Once the images are removed, repeat all of the entries exactly.

| Material for this task |
▼
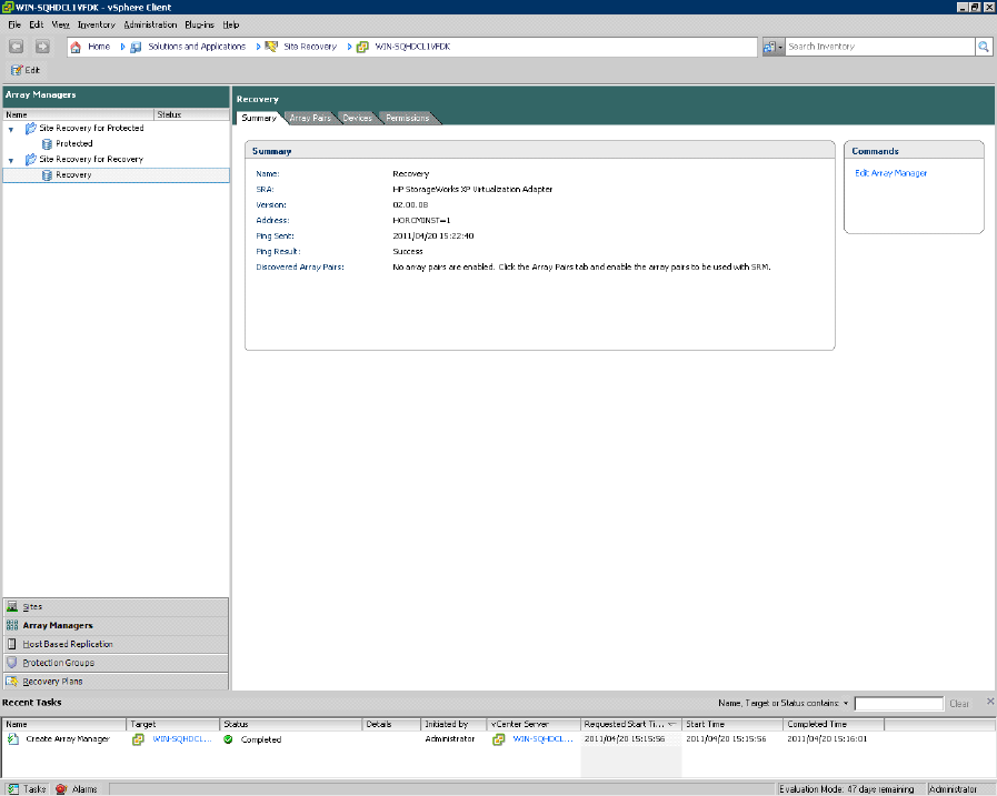 Verify that the Local Array ID and Remote Array ID are discovered by the protection array manager
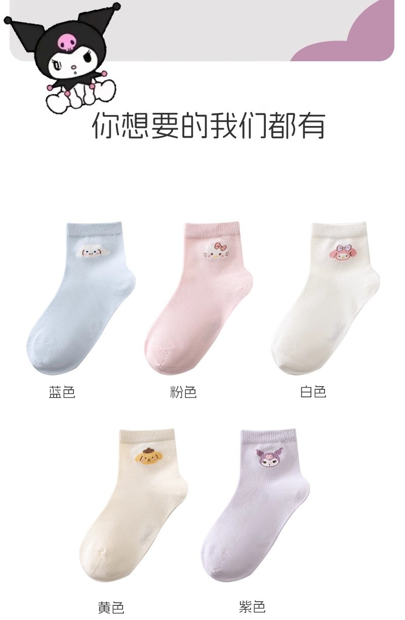 Sanrio 어린이 양말 소녀 여름 얇은 여름 메쉬 통기성 만화 케이트 어린 소녀 양말 Kuromi
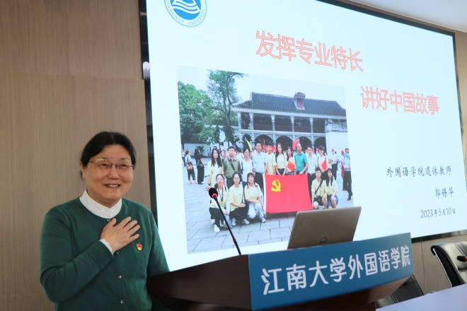 开班仪式后,由关工委委员郭锡华老师为学员带来专题第一讲《发挥专业特长,讲好中国故事》。郭老师结合习近平总书记给青年的寄语,分享了江南在线学院近年内发挥专业所长进行文化交流、讲好中国故事的实例。接着,又针对外语类专业适应社会发展的需要指明新文科背景下外语专业发展方向,提出抓专业质量的要求:一、优化专业结构;二、抓好质量标准;三、具备国际视野。郭老师鼓励学员们要树立远大理想,担当时代责任,与时俱进,锤炼自身能力,让青春在不断奉献中焕发光彩。
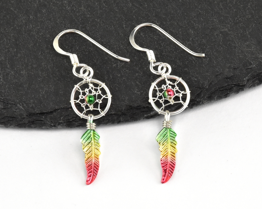 Stříbrné náušnice s háčkem - Rasta lapač snů. Náušnice jsou označeny puncem ryzosti. Ryzost: Ag 925/1000 Velikost: 25 x 8 mm (lapač)Hmotnost: 0,4 g/kus Upozornění: všechny stříbrné šperky lze zakoupit pouze přes e-shop. Jsme registrováni u puncovního úřadu. Veškeré informace naleznete zde.
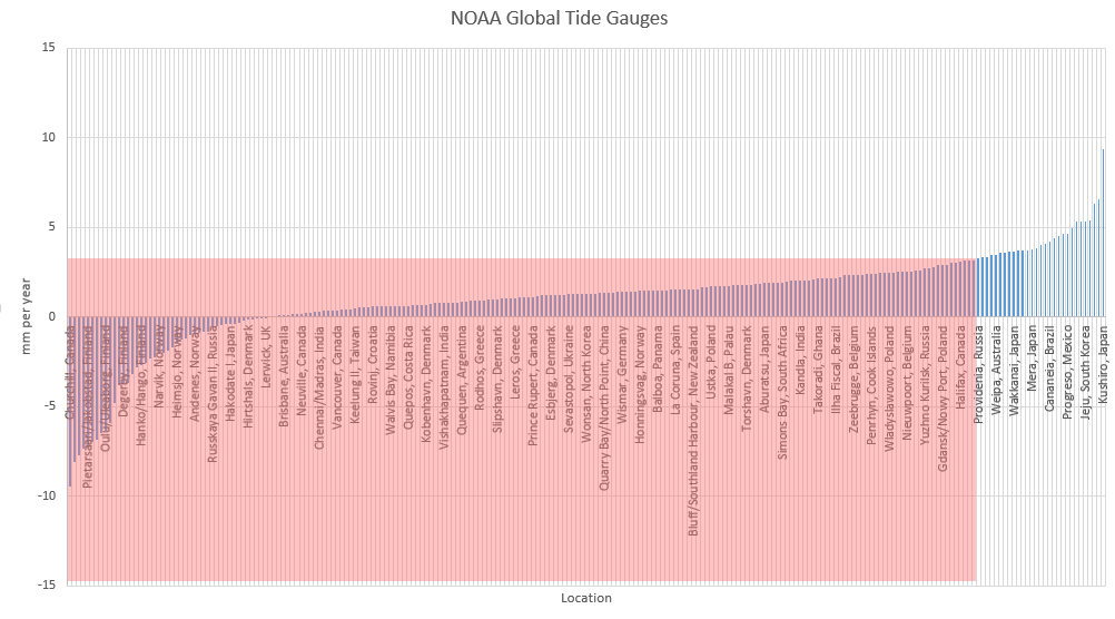 The EPA and CSIRO must be measuring a different planet. I wrote a paper in 2013 using the PSMSL tide gauge dataset. While the average trend from 1866 to 2010 was 1.2 mm/year, the trend from 1950 through 1979 was 2.06 mm/year. The trend from 1980 to 2010 was 1.39 mm/year. This agrees fairly well with the findings of Beenstalk et. al., (2013) “Tide Gauge Location and the Measurement of Global Sea Level Rise”
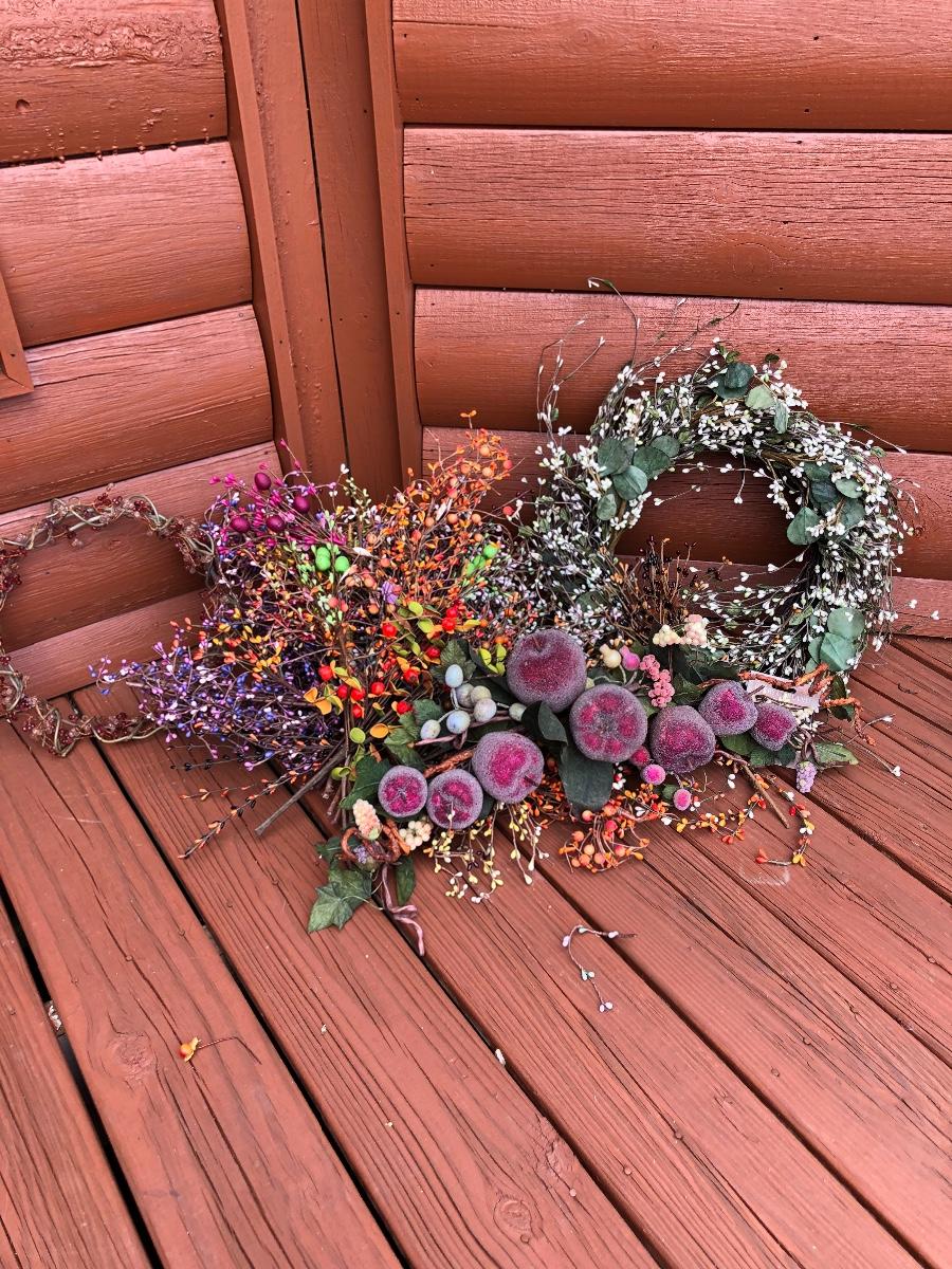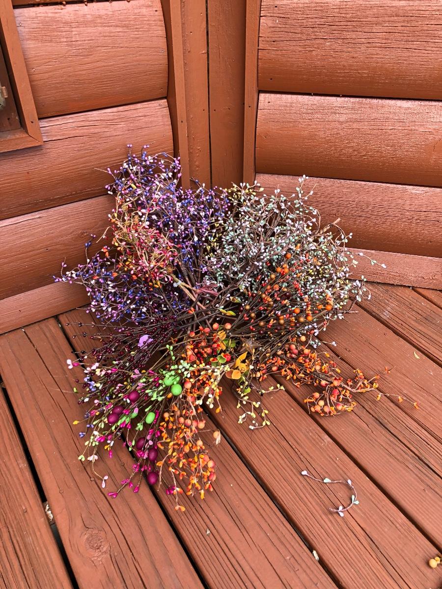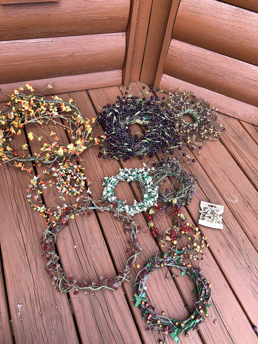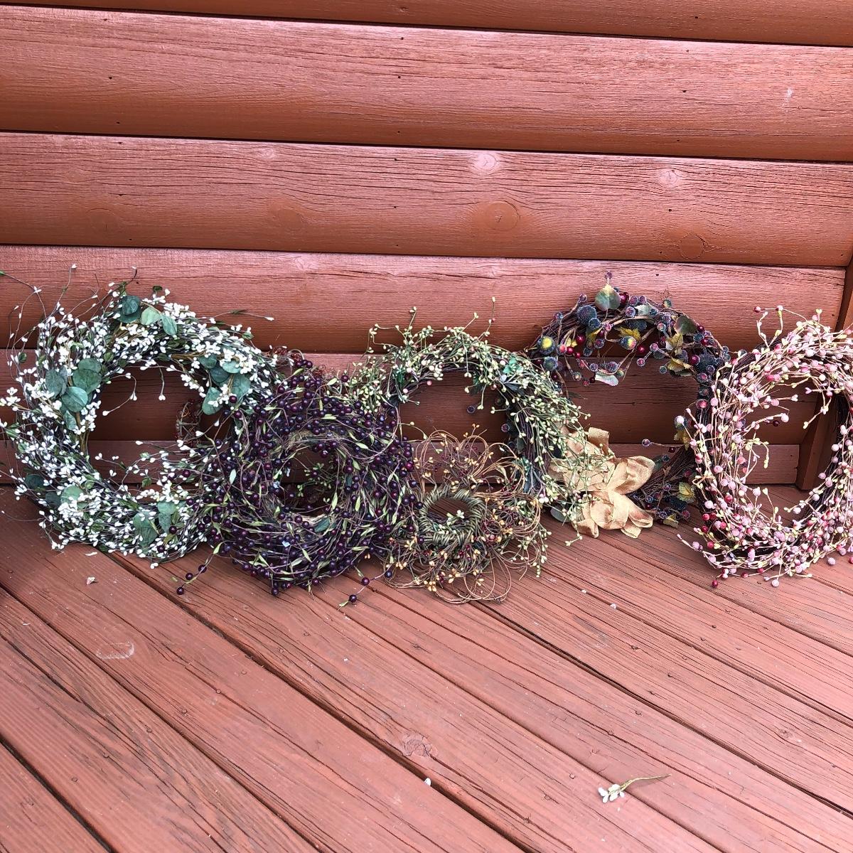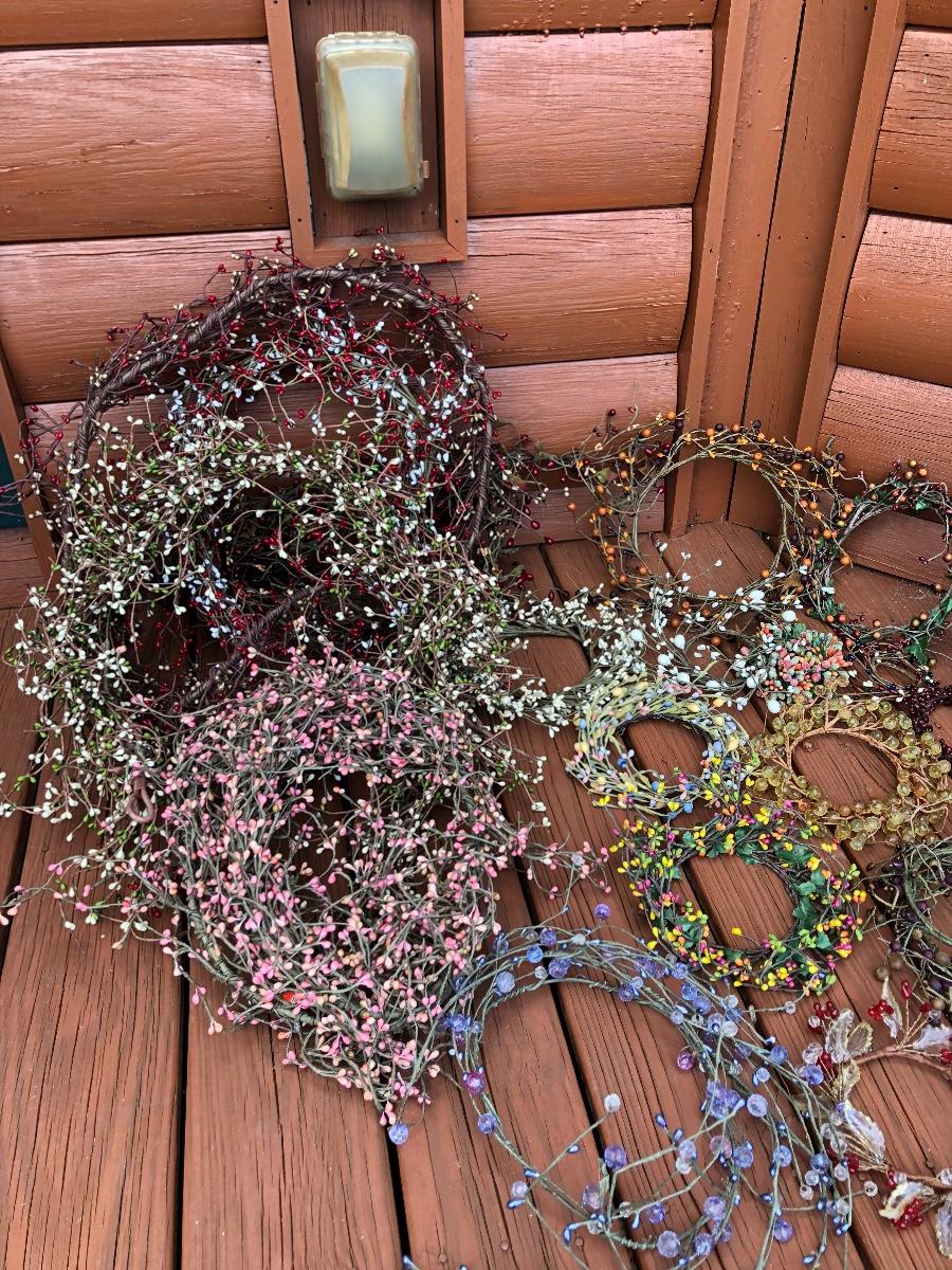 Add some life to your home with this array of colorful faux wreaths, garland and sprigs. Lot includes wreaths with glass, plastic and other materials. Also includes garland and sprigs in plastic beads, glass and more. Largest wreath measures 13”D.
▲
| Result of this exercise |
 Verify that the Local Array ID and Remote Array ID are discovered by the protection array manager
 Sanrio 어린이 양말 소녀 여름 얇은 여름 메쉬 통기성 만화 케이트 어린 소녀 양말 Kuromi
 开班仪式后,由关工委委员郭锡华老师为学员带来专题第一讲《发挥专业特长,讲好中国故事》。郭老师结合习近平总书记给青年的寄语,分享了江南在线学院近年内发挥专业所长进行文化交流、讲好中国故事的实例。接着,又针对外语类专业适应社会发展的需要指明新文科背景下外语专业发展方向,提出抓专业质量的要求:一、优化专业结构;二、抓好质量标准;三、具备国际视野。郭老师鼓励学员们要树立远大理想,担当时代责任,与时俱进,锤炼自身能力,让青春在不断奉献中焕发光彩。
 Stříbrné náušnice s háčkem - Rasta lapač snů. Náušnice jsou označeny puncem ryzosti. Ryzost: Ag 925/1000 Velikost: 25 x 8 mm (lapač)Hmotnost: 0,4 g/kus Upozornění: všechny stříbrné šperky lze zakoupit pouze přes e-shop. Jsme registrováni u puncovního úřadu. Veškeré informace naleznete zde.
 The EPA and CSIRO must be measuring a different planet. I wrote a paper in 2013 using the PSMSL tide gauge dataset. While the average trend from 1866 to 2010 was 1.2 mm/year, the trend from 1950 through 1979 was 2.06 mm/year. The trend from 1980 to 2010 was 1.39 mm/year. This agrees fairly well with the findings of Beenstalk et. al., (2013) “Tide Gauge Location and the Measurement of Global Sea Level Rise”
 Add some life to your home with this array of colorful faux wreaths, garland and sprigs. Lot includes wreaths with glass, plastic and other materials. Also includes garland and sprigs in plastic beads, glass and more. Largest wreath measures 13”D.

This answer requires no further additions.